New research reveals life for brain injury survivors during COVID-19 lockdown, and how for a time they felt a level playing field was created – but how that has not been translated into the return to ‘normal’ life
The COVID-19 pandemic raised awareness of what life is like with a brain injury among the general population through shared experiences of loneliness and social isolation, and enabled survivors to feel ‘more inclusive in the world again’, a new study has revealed.
Lockdown also afforded people with brain injury a break from perceived societal expectations, giving them time and space to focus on themselves, the research found.
However, with the resumption of normal life post-pandemic, brain injury survivors continue to experience the loneliness they always have done, with the study findings feelings of frustration and disappointment around the short-lived acceptance of their situations.
One survivor equated the situation to “when you go and catch the train and the train’s been delayed, and you’re all stood there on platform together.
“But then train comes along, and everyone else can get on it and go off on their life journey – but you’re the person who has to stay stuck on the platform, you cannot get on that train and carry on that social engagement.
“It does feel the return to normal is not an option for people with a brain injury. That also brings the psychological impact, the one I probably struggle with the most, which is that brain injury doesn’t get better.”
The research, led by Dr Stephen Dunne at Northumbria University, builds further on previous studies which have laid bare the lonely reality for brain injury survivors in their everyday lives.
And in being able to effectively support this group, the authors recommend more tailored therapies to relieve perceived social pressure on survivors, as well as maximising the use of peer support.
“We recommend that psychotherapy, such as CBT, focus on reframing survivors’ beliefs regarding societal expectations, minimising the pressure experienced by survivors to keep up with their peers physically and emotionally and modulate resilience,” the authors conclude.
“Furthermore, all participants identified the importance of peer support, whether those respondents had direct access to it or not.
“We recommend incorporating accessible and promoted peer support into future interventions to help moderate survivors’ expectations of their capabilities and identity in society, reduce loneliness, protect mental health and generally improve wellbeing for brain injury survivors.”
The study gives a unique account of the experiences of 24 survivors – the majority of whom had no physical disability, and only cognitive ‘hidden’ impact – during lockdown, and reveals how they were encouraged by the creation of a level playing field with the rest of society through the shared experiences.

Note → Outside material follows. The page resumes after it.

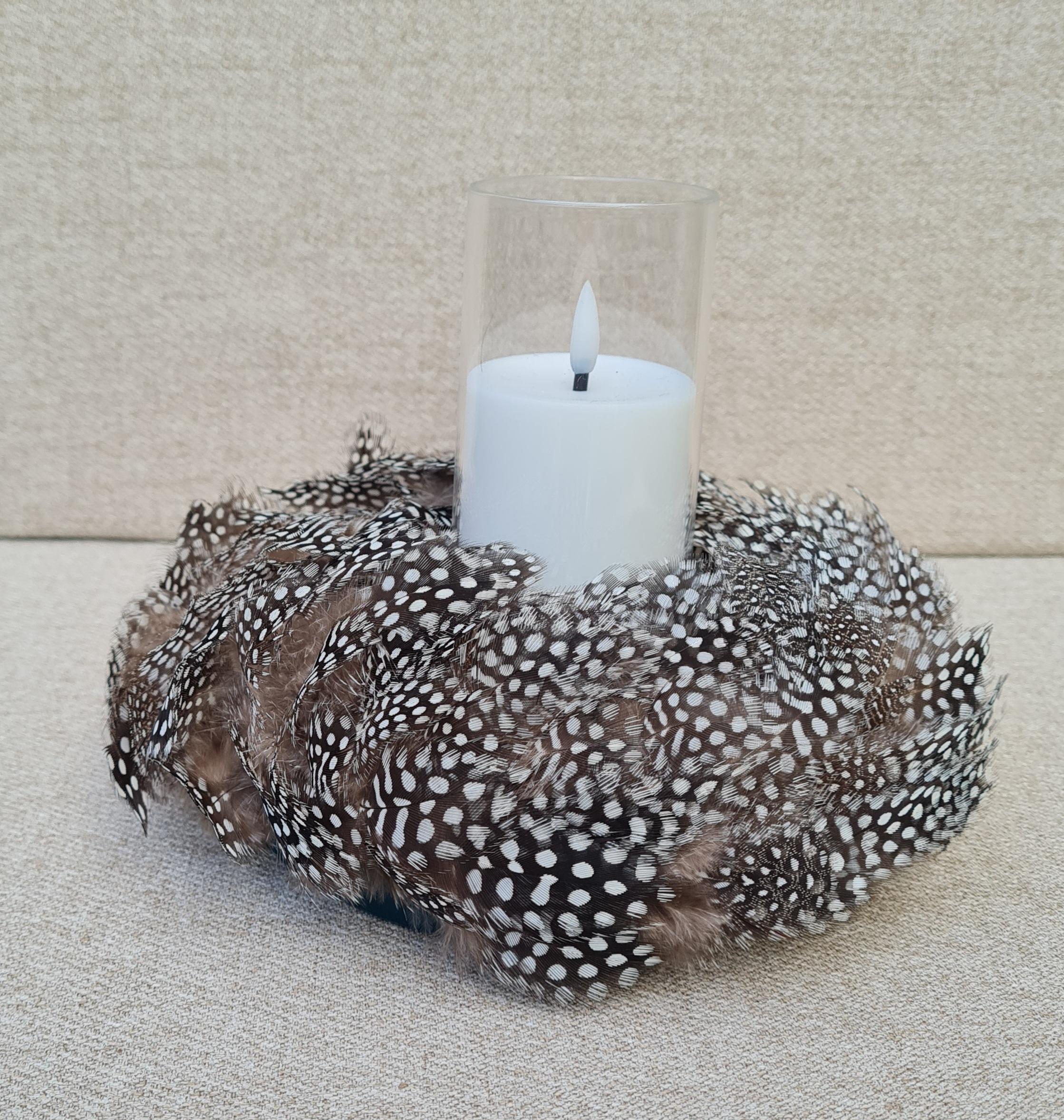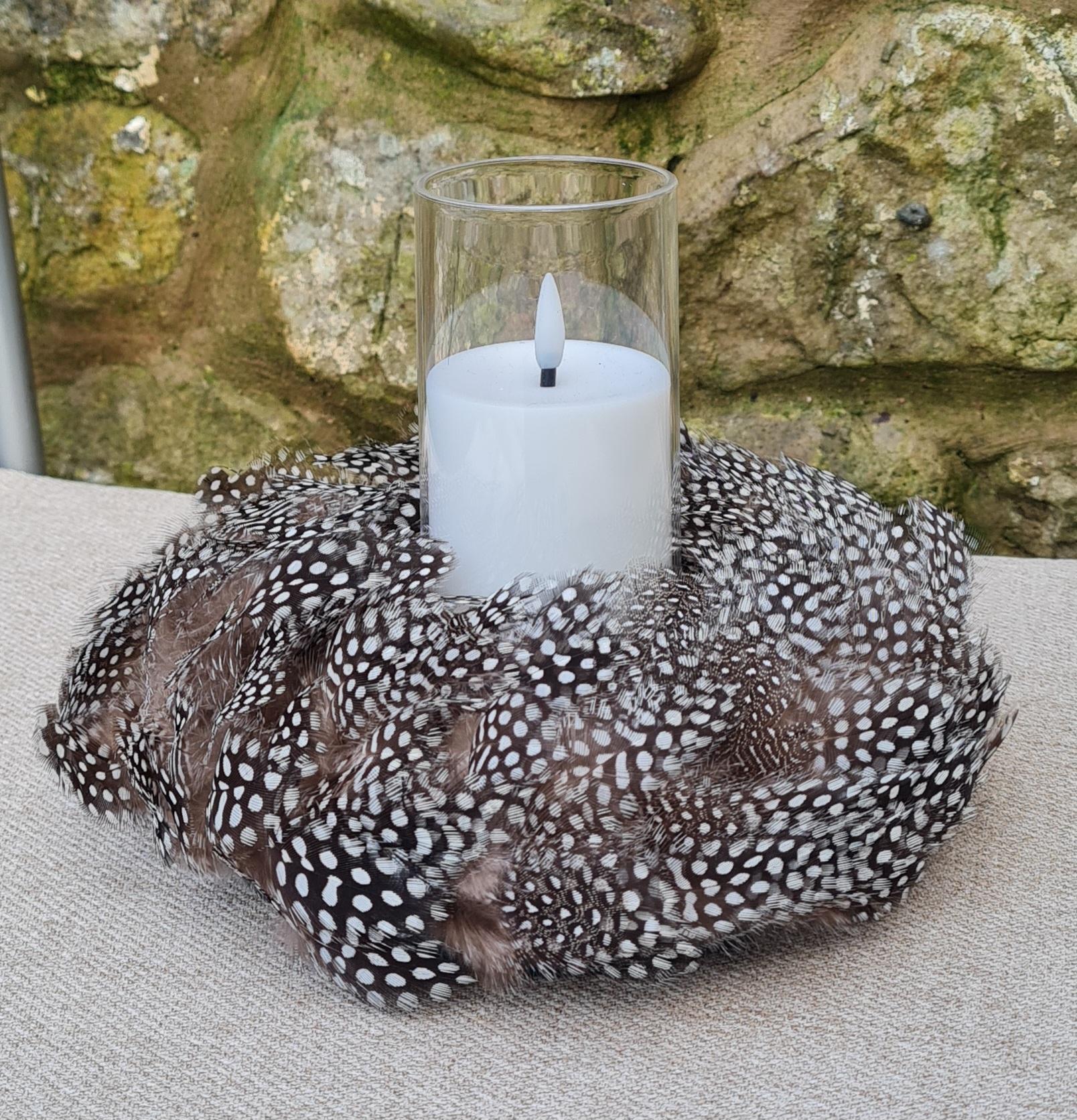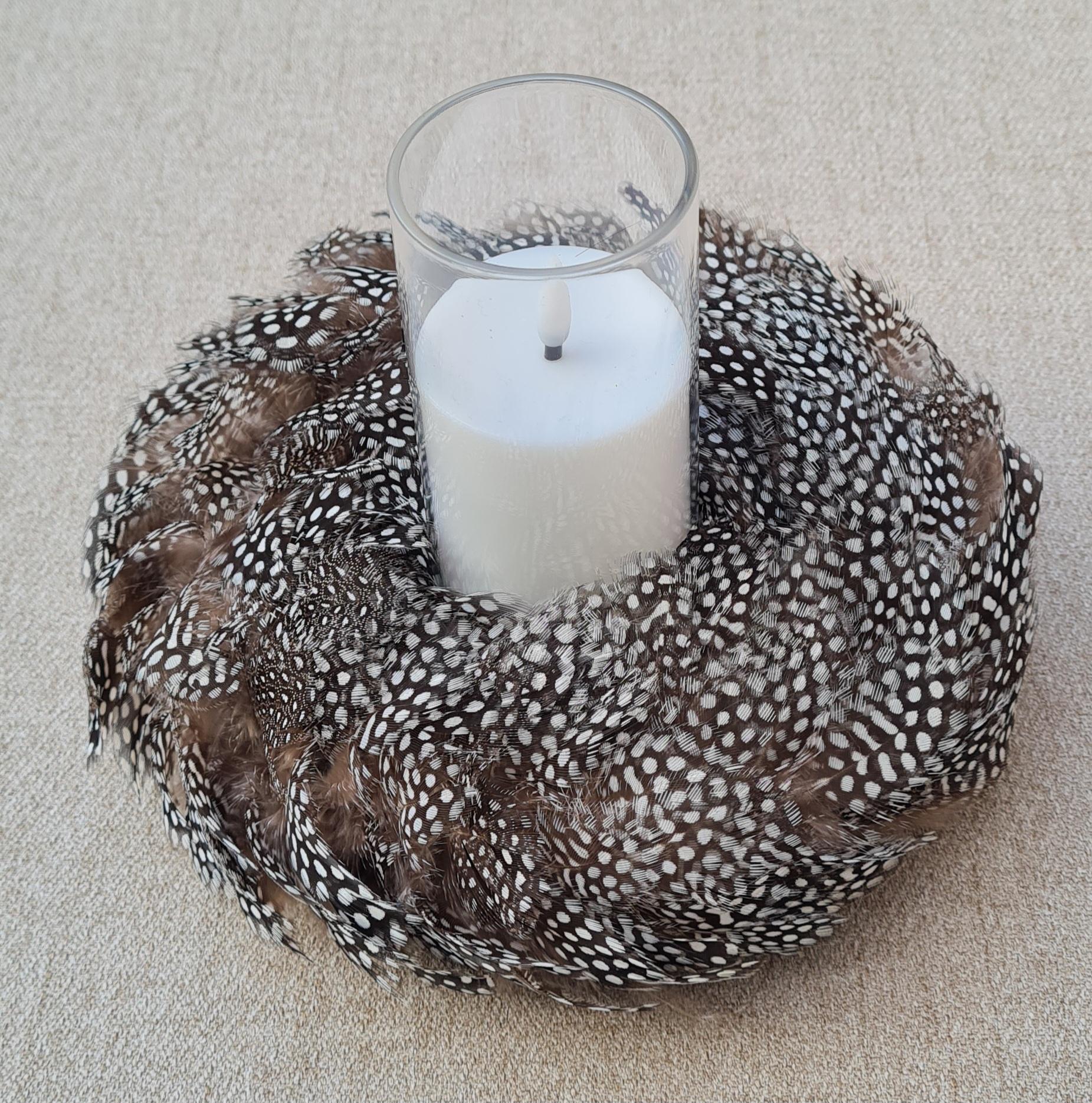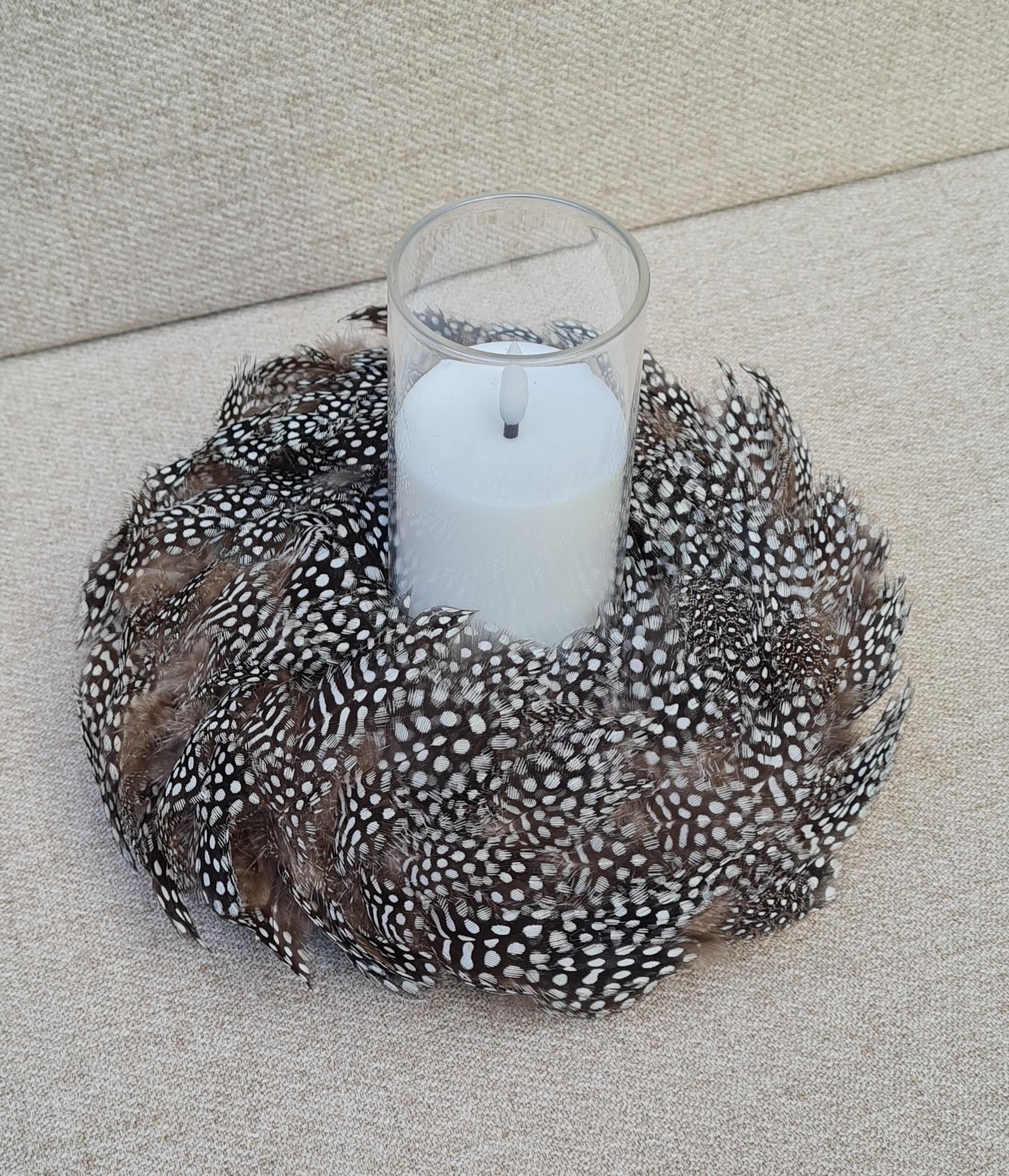 Made using naturally patterned guinea fowl feathers, the wreath features distinctive black, ivory and soft brown markings that create texture, contrast and gentle movement. Its compact size makes it ideal for layered styling, intimate spaces, or subtle statement décor.

“In a strange sort of way it made you feel less isolated and lonely, because every time you turned on the radio or television everyone was talking about how lonely they were, so in a way it made you feel you part of something a bit more in a strange sort of way,” said one survivor.
And as well as feeling more positive through the shared experiences, lockdown also enabled survivors to reduce their fatigue and reflect on their lives.

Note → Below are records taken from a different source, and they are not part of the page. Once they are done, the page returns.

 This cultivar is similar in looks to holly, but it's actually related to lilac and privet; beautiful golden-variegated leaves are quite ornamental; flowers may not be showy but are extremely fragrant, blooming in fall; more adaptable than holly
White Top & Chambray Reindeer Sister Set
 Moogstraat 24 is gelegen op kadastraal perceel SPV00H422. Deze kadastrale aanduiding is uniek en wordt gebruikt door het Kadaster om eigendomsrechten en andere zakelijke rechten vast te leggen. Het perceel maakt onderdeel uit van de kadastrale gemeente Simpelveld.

“[Lockdown] had the benefit of buying the space and time to actually break from my former lifestyle and give me space then to maybe form a new lifestyle – and that’s very difficult to do when you first have a brain injury because you automatically want to try and go back to as much as what you used to do before. It has given me that space to change,” said a participant.
However, once lockdown was over, participants found it difficult that they were not able to look forward to resuming life in the way that the general population was.
“There has been a lot of discussion around the empathy that’s been generated through COVID, that people have an insight into what it feels like to be socially isolated, to not be able to join in,” said one survivor.
“But I think human nature leads people to feel excited about the option of that ending.
“If I had the option for my brain injury to end, I think I’d be overjoyed, but I don’t, so those challenges around social engagement for myself will remain.”